======== Given information ========

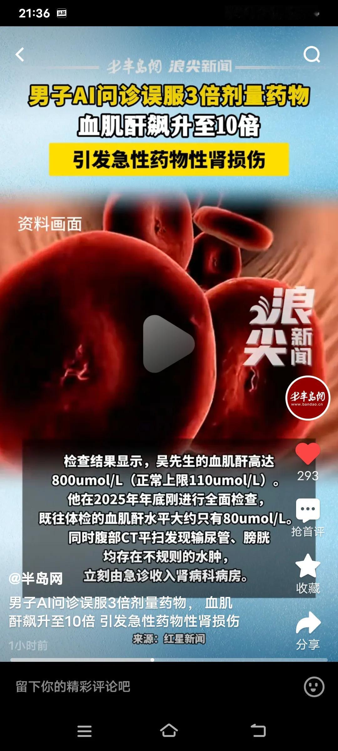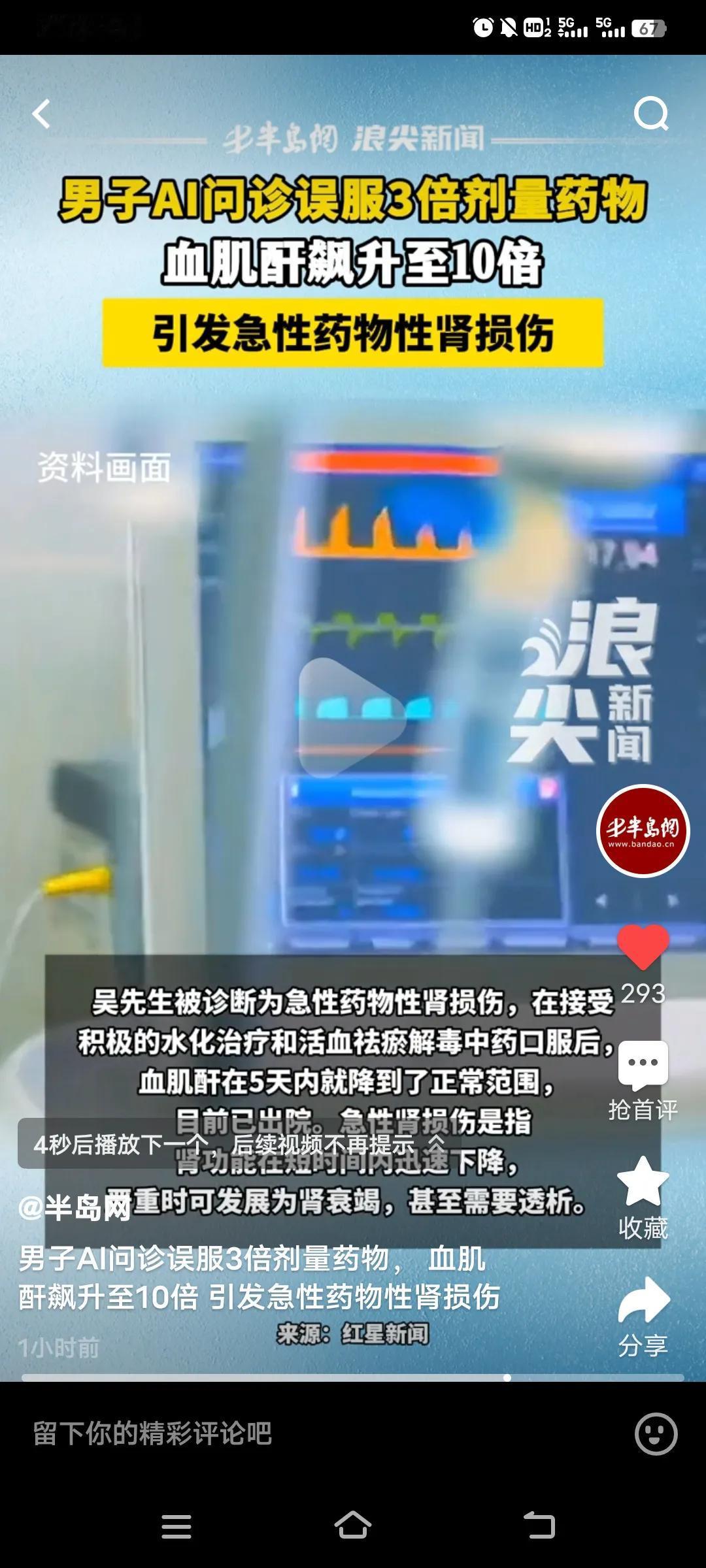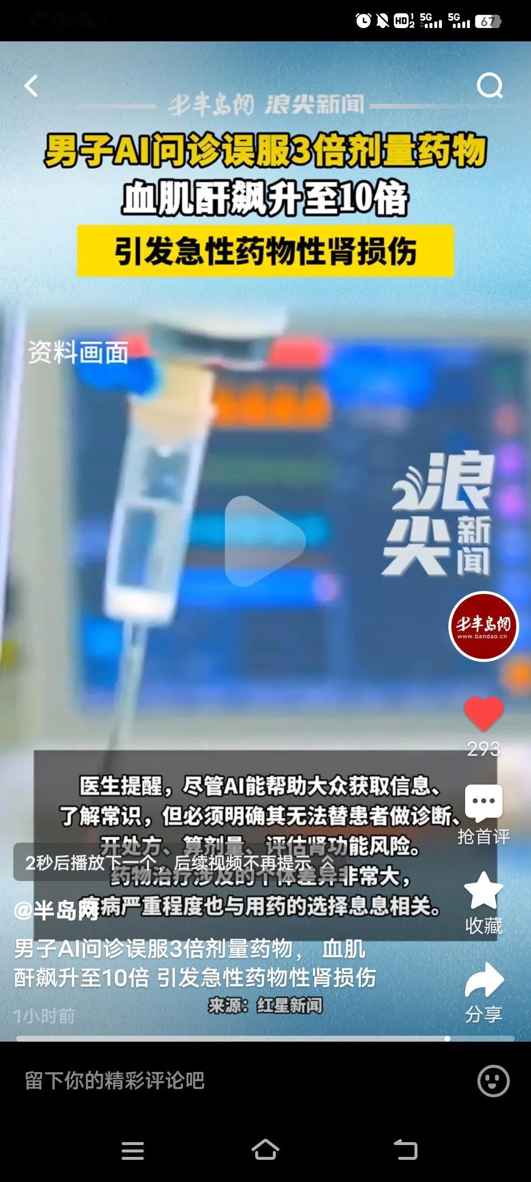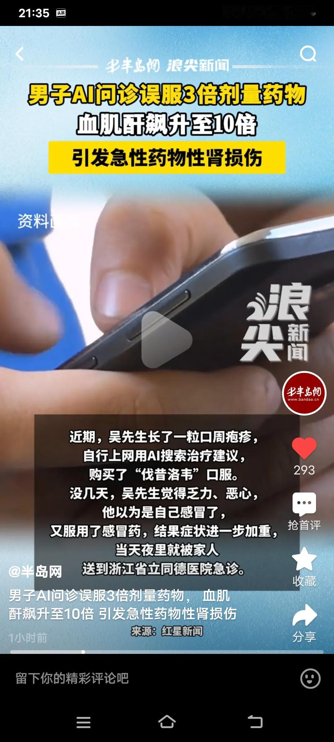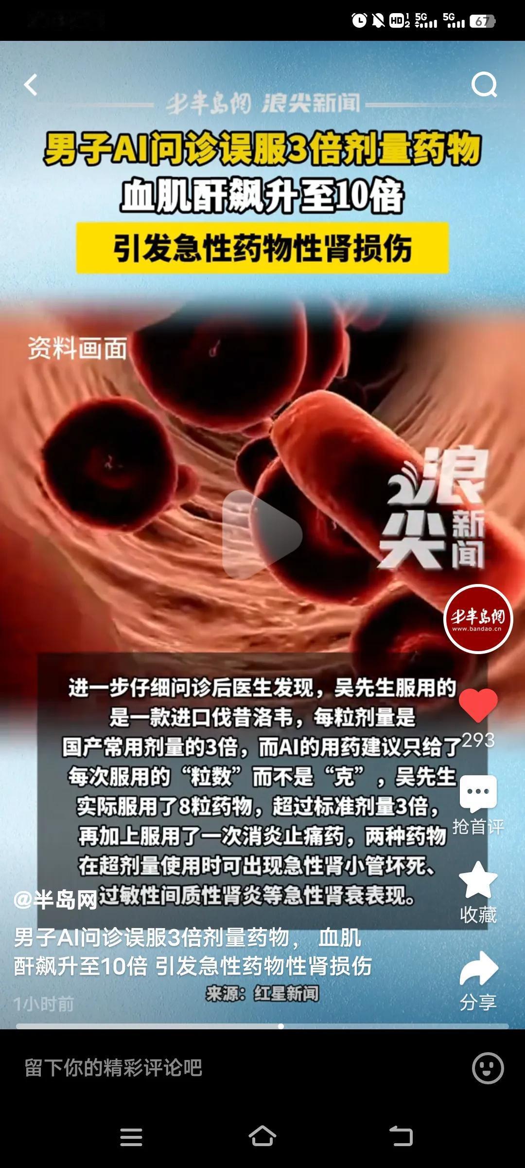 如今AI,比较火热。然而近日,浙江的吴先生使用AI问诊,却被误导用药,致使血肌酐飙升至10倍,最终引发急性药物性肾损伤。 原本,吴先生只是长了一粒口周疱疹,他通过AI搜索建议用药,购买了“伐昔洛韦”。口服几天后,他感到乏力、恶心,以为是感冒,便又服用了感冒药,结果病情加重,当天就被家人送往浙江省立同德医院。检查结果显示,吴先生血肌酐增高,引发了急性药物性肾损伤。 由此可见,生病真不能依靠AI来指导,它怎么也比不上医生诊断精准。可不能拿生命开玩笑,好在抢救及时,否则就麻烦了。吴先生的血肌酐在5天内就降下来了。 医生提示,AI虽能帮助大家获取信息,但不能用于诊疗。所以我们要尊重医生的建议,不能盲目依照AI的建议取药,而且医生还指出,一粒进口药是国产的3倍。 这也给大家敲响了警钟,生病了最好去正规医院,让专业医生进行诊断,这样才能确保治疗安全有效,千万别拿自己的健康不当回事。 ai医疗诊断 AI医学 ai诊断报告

========
======== Given information ========

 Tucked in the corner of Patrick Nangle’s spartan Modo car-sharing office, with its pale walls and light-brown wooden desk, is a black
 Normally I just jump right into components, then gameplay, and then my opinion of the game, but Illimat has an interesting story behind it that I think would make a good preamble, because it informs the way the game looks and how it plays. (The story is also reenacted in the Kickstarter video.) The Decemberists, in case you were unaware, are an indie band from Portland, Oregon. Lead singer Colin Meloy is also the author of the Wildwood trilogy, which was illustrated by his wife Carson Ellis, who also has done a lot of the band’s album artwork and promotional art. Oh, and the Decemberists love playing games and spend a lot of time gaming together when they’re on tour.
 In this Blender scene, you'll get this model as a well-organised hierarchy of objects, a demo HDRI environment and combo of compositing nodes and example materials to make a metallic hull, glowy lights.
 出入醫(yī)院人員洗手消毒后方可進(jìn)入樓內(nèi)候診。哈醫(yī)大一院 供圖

========
======== Given information ========

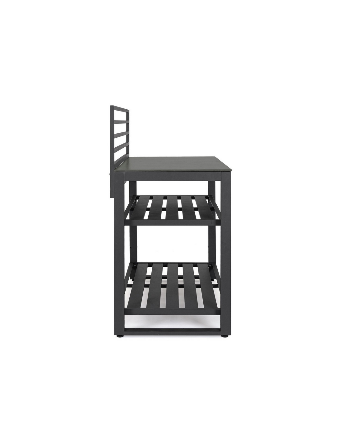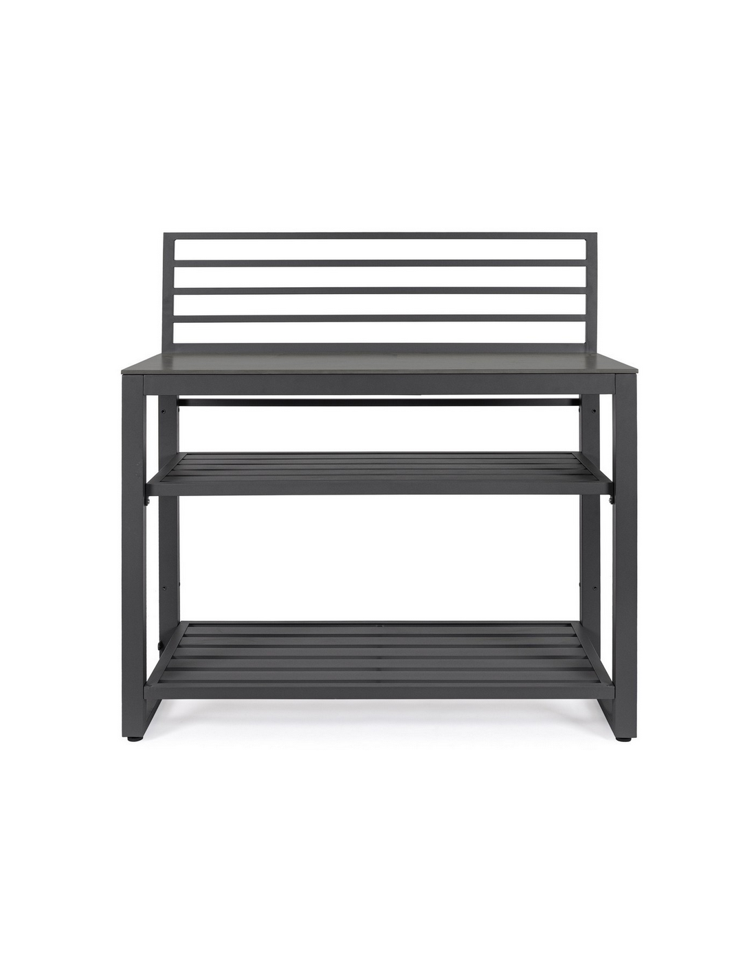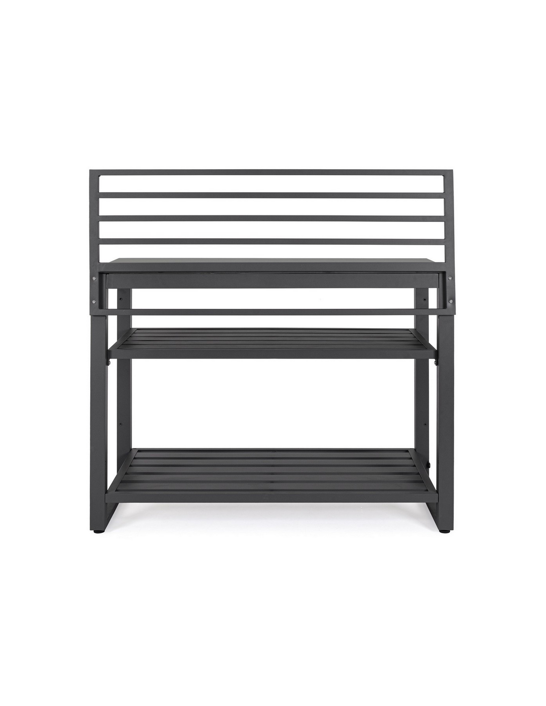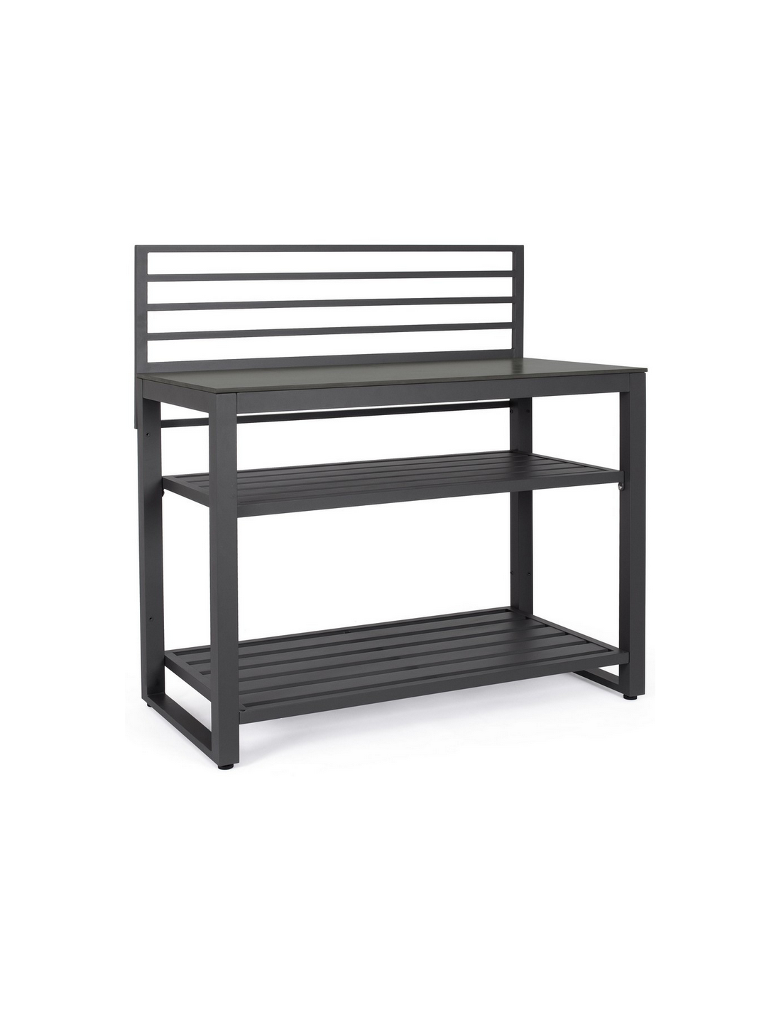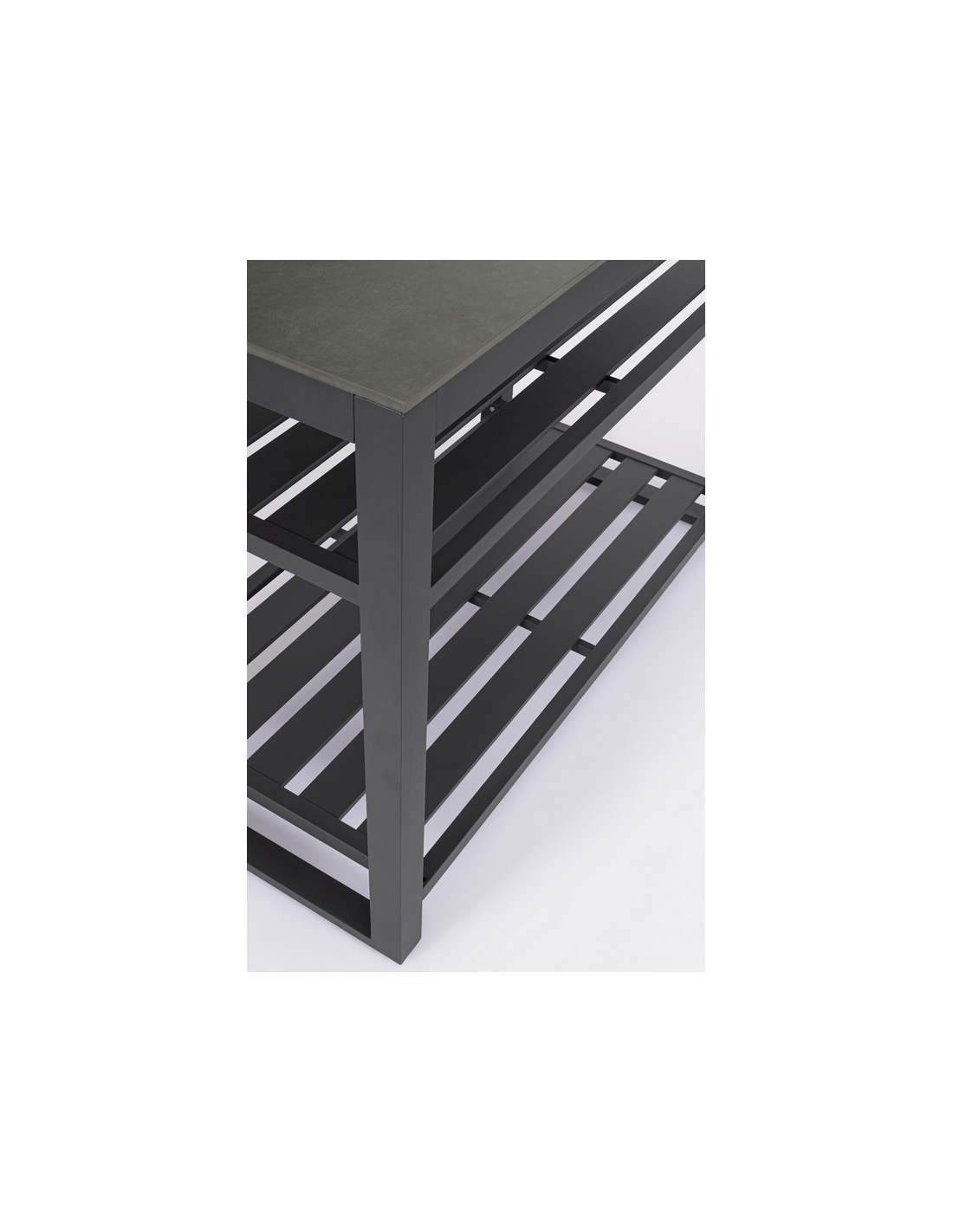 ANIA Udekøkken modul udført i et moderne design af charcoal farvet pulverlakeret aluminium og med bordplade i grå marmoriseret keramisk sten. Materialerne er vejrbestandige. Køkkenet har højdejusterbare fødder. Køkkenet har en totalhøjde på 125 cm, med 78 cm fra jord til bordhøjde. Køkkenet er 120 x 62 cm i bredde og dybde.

========

* Task details
Working from the entries above, find every line in which the word "make" occurs and copy it.

* Task answer
 Normally I just jump right into components, then gameplay, and then my opinion of the game, but Illimat has an interesting story behind it that I think would make a good preamble, because it informs the way the game looks and how it plays. (The story is also reenacted in the Kickstarter video.) The Decemberists, in case you were unaware, are an indie band from Portland, Oregon. Lead singer Colin Meloy is also the author of the Wildwood trilogy, which was illustrated by his wife Carson Ellis, who also has done a lot of the band’s album artwork and promotional art. Oh, and the Decemberists love playing games and spend a lot of time gaming together when they’re on tour.
 In this Blender scene, you'll get this model as a well-organised hierarchy of objects, a demo HDRI environment and combo of compositing nodes and example materials to make a metallic hull, glowy lights.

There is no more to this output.